We didn't we talk today much at all. He's out of his pain meds, so anything I say is just going to piss him off, which isn't fair to me, but I know when it's not a good idea. I'm still not very optimistic, and I've already started drafting a "His & Hers" list in case we split.

Trust me, I have tried hard to talk & work it out, for 3 yrs, however, when you're the only one working on a marriage, it's not going to work out very well. His selfishness knows no bounds, and I'm tired of the only one to sacrifce things I want, need, or should have because he "needs" a gun, or a new DVD, or more cigs. He refuses to think about stuff in advance, like bills, and how what we do makes them higher. I have no life, I don't go out or socialize, due to our daughter.
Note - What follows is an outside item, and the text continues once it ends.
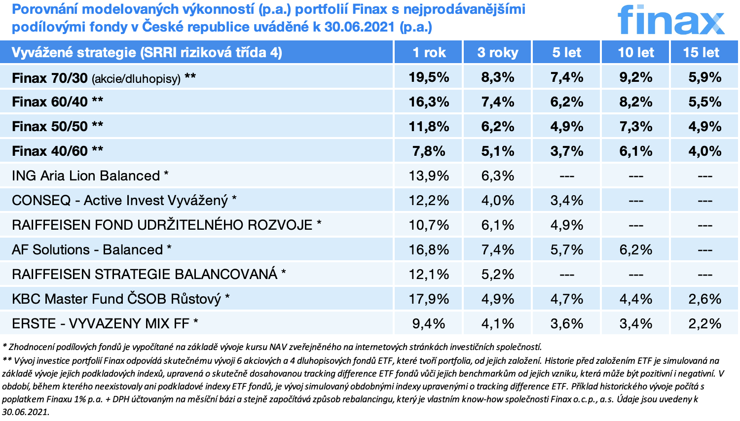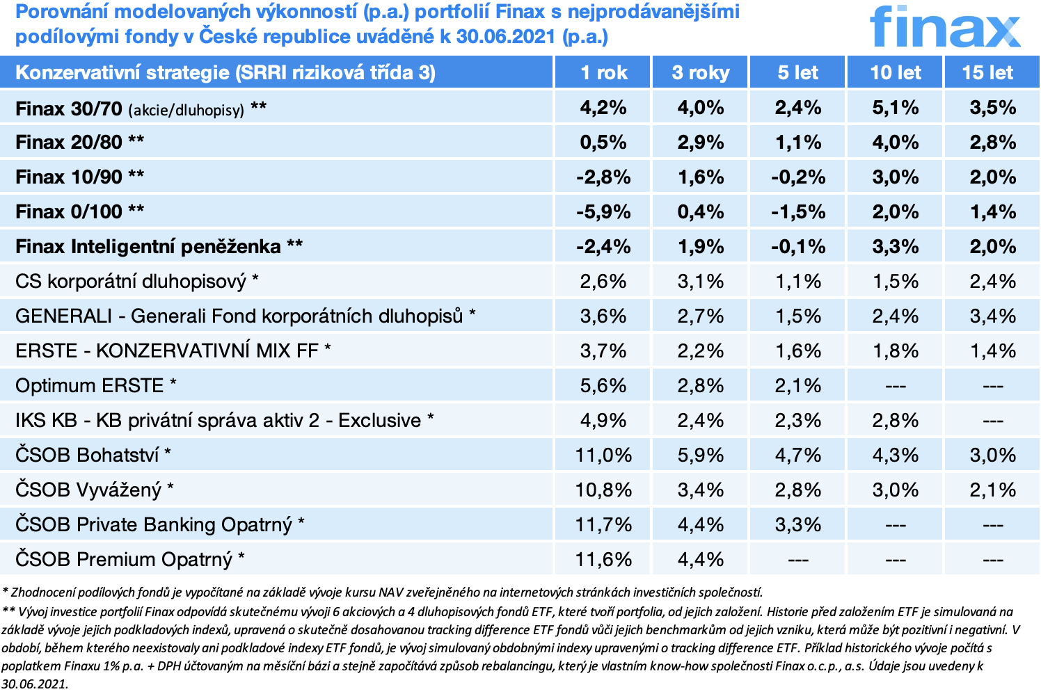 Konzervativnější podílové fondy proto zůstávají nejkonkurenčnější vůči obdobným portfoliím Finaxu.

Don't get me wrong, I LOVE my child and would die for her, however, a girl's night out maybe once a year is a bit pathetic. And when I DO go out with the girls, he calls 10-15 times, in a 4 hour period. Really. I WISH I was exagerrating! My friends have stopped asking me to go do things because I rarely ever have ME time. Then, when I GET ME time, he has to barge in, interupt, call, or be as annoying as possible. I've told him that ME times means that unless there's an emergency, leave ME alone.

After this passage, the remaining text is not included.